Soldiers stand guard today at the monument of World War II at Westerplatte, outside of Gdansk, Sept. 1, 2009.
REUTERS/Adam Chelstowski
Soldiers stand at attention today during ceremonies at the World War II monument at Westerplatte, outside of Gdansk, Poland.

Today, Russian Prime Minister Vladimir Putin and German Chancellor Angela Merkel have come to the Polish city of Gdansk to stand at the scene of one of their countries’ greatest crimes.

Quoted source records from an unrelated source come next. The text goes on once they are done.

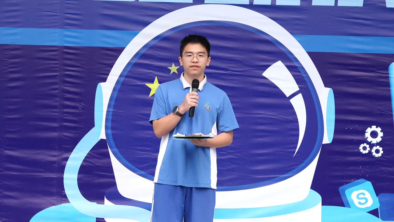 九(1)班梁浚豪同学作为学生代表上台演讲,他用激昂的语言,将自己和队友在全国青少年科技教育成果展示大赛中取得佳绩的经历娓娓道来,展示了我校学子的卓越素质和精神风貌,也体现了“健全人格教育,人人有特长”的实验教育目标。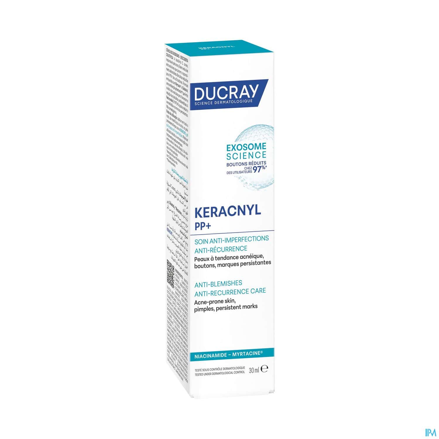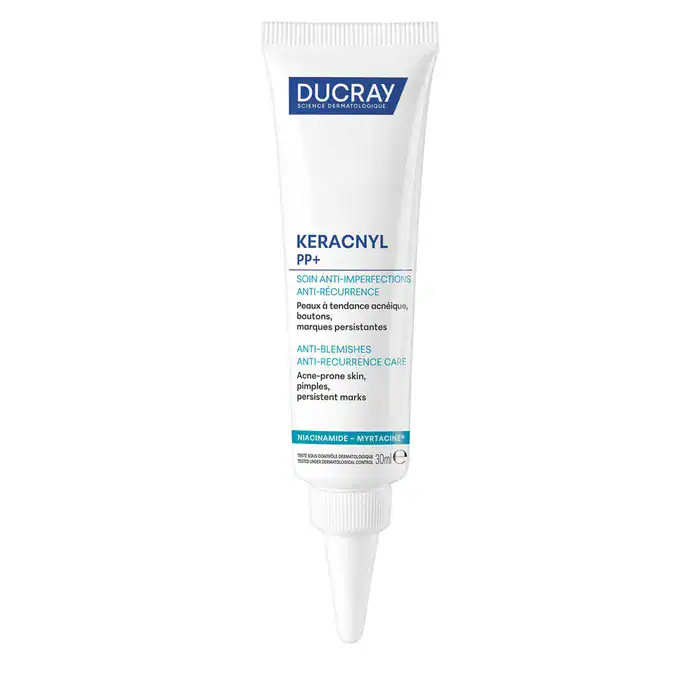 Keracnyl PP djeluje na glavne uzroke upalnih prištića (sebum, bakterija P.acnes, iritacija) zahvaljujući pojačanoj umirujućoj formuli.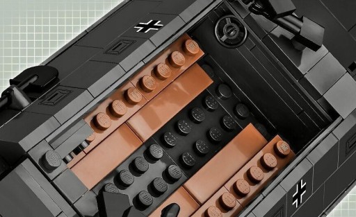 Transporter opancerzony Sd.Kfz.251 to idealny zestaw zarówno dla małych jak i dużych fanów klocków konstrukcyjnych. Świetnie sprawdzi się zarówno na półce, jak i klockowej dioramie. Starsi fani klocków docenią model jako egzemplarz kolekcjonerski oraz inspirację do budowy realistycznych dioram lub własnych konstrukcji. Nieco bardziej doświadczeni konstruktorzy znajdą w tym modelu wręcz ogromne pole do modyfikacji. Armia niemiecka dysponowała zawrotną ilością 23 oficjalnych wersji transportera, przeznaczonymi do bardzo różnych zadań. Z łatwością można zdemontować karabiny i pokusić się o stworzenie wersji wsparcia ogniowego z działem lub pojazdu zaplecza technicznego. Dorobienie plandeki lub zadaszenia to z kolei droga do stworzenia wersji sanitarnej.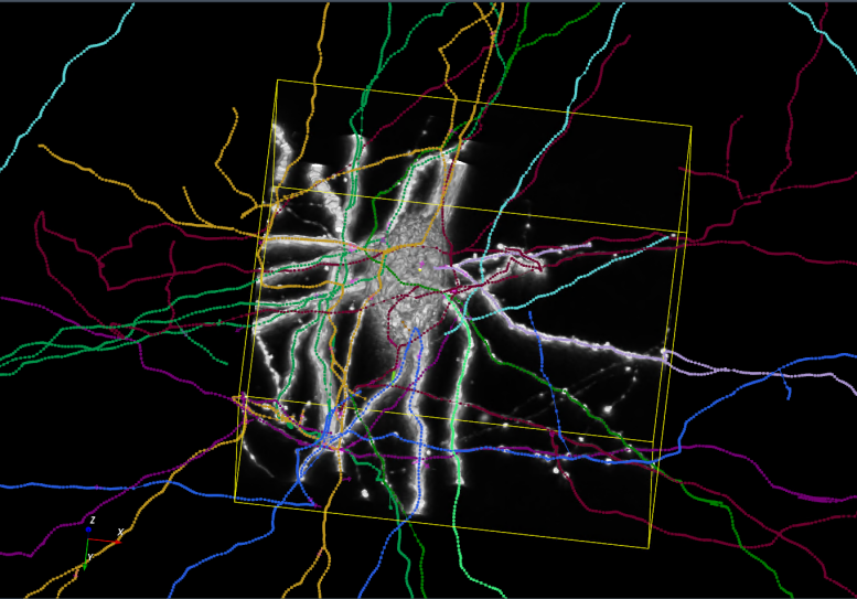 神经元由胞体+树突+轴突组成;我们需要确认胞体位置后,追踪树突、轴突,最终得到一条完整的神经元。树突有很多条且较短,轴突从胞体出发且只有一条,但很长且有很多分支。

Seventy years ago, Gdansk was the Free City of Danzig — an autonomous region under the League of Nations, an enclave surrounded by Poland and carved out of the former German East Prussia, and an ethnic mixture of Poles and Germans. On Sept. 1, 1939, at 4:45 a.m., the German battleship Schleswig-Holstein opened fire on a Polish military garrison in the Westerplatte peninsula of Danzig. The Germans expanded the invasion of Poland with attacks from the north, west and south. Britain declared war on Germany on Sept. 3. France followed Britain’s lead a few days later. World War II had begun.

A week before the German attack, Germany and the Soviet Union had signed the Molotov-Ribbentrop Pact pledging each to be neutral in the event the other went to war and inviting each to take its share of Poland. Germany would devour the west, leaving eastern Poland to the Soviet Union. On Sept. 17, the Soviet Union attacked Poland from the east. Overwhelmed, the Polish forces re-grouped in the south to wait for military support from Britain and France that never came.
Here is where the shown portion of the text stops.